The Next Chapter – Part Two

The Next Chapter – Part Two

Plans can suddenly and unexpectedly change. We must be mindful of the stress that causes and adjust our medicine appropriately.

A day before my husband at the time was set to move to Reno, NV he received a voicemail from his new HR manager informing him that he needed to return her call as soon as possible. He stepped outside of the restaurant, and as I watched him on the phone I could tell something was wrong. He walked back in only far enough to motion for me that I needed to join him outside.

It was there that he broke the news to me.

 

A Change In Plans

The job that he had been hired for had been changed.

The German CEO had decided that the job should be in Germany, and not America.

His Reno position had been eliminated.

Instead of a new job, my husband at the time would be receiving a severance package.

There was nothing we could do.

A wave of emotions flooded through me, and I tried to handle them as gracefully as I could. He mentioned that both his new manager and his new HR were on the phone with him, and they both sounded distraught. They wanted him for this position. It was a perfect fit. But the German CEO believed that the job belonged in Germany. They gave us about twelve hours of advanced warning before his move.

 

A Panic Attack

We walked back into the restaurant where we were with my friend. When my food arrived, I couldn’t eat. I looked at my order and thought I was going to vomit. I knew I needed to leave the crowded restaurant and process the news. I grabbed my cell phone and informed my husband at the time that I was going to call my mom. As soon as I was outside of the restaurant, I sprinted out of sight. I felt a panic attack coming on. I found a random tree and sat down, failing at controlling my breath. One of the ticket scalpers saw me and attempted to comfort me by offering me his unopened beer. I’m thankful my mom had more practical advice.

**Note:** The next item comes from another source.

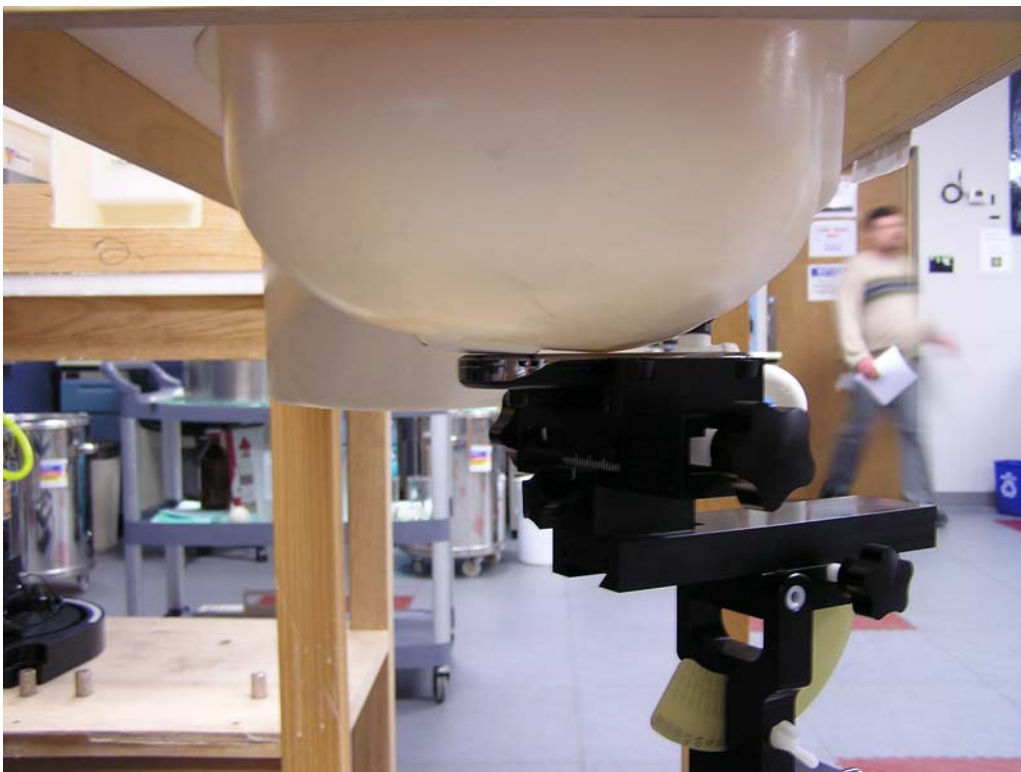
Figure 3: Cheek Position, Top of Head of Phantom

“Amber. Take more hydrocortisone. Now.

The National Adrenal Disease Foundation defines an Adrenal Crisis as “the result of an extreme physical or emotional stress that does not get the necessary steroid coverage to meet that stress.” My mom was determined to not let this unexpected extreme emotional stress spiral me towards a full blown Adrenal Crisis.

 

The Need for Additional Cortisol

Taking additional cortisol during that moment did not numb my pain. It did not reduce the shock of the news. What it did do was enable me to respond appropriately. The inappropriate response was my refusal to eat any food. It was the uncontrollable sobbing to the point where I could not breathe. It was that dangerous unsafe voice tempting me to hurt myself. That was my life before I was properly diagnosed with Adrenal Insufficiency.

With proper cortisol coverage, tears were still shed. The shock was still real. The hurt was still there. But the doom was lessened.

 

A Note on Self-Harm

I mentioned self-harm in the post above. I want to inform my readers that I am safe. I have a good network of support that regularly check in on me. Before I was properly diagnosed with Adrenal Insufficiency, I struggled with a dangerous voice inside my head that would tempt me to hurt myself. A few times, I would listen to it. A few times, my mom would have to come in and forcibly stop me.

With proper cortisol coverage, that voice is silenced.

If I am ever overwhelmed while running low on cortisol, that unsafe voice returns. I am learning to recognize it quicker and react. I seek out help. I speak openly about it. By speaking openly, I can have accountability. Through accountability, I can remain Clearly Alive.

If you are struggling, know that you are not alone and do not be afraid to seek help.

I want us all to remain Clearly Alive.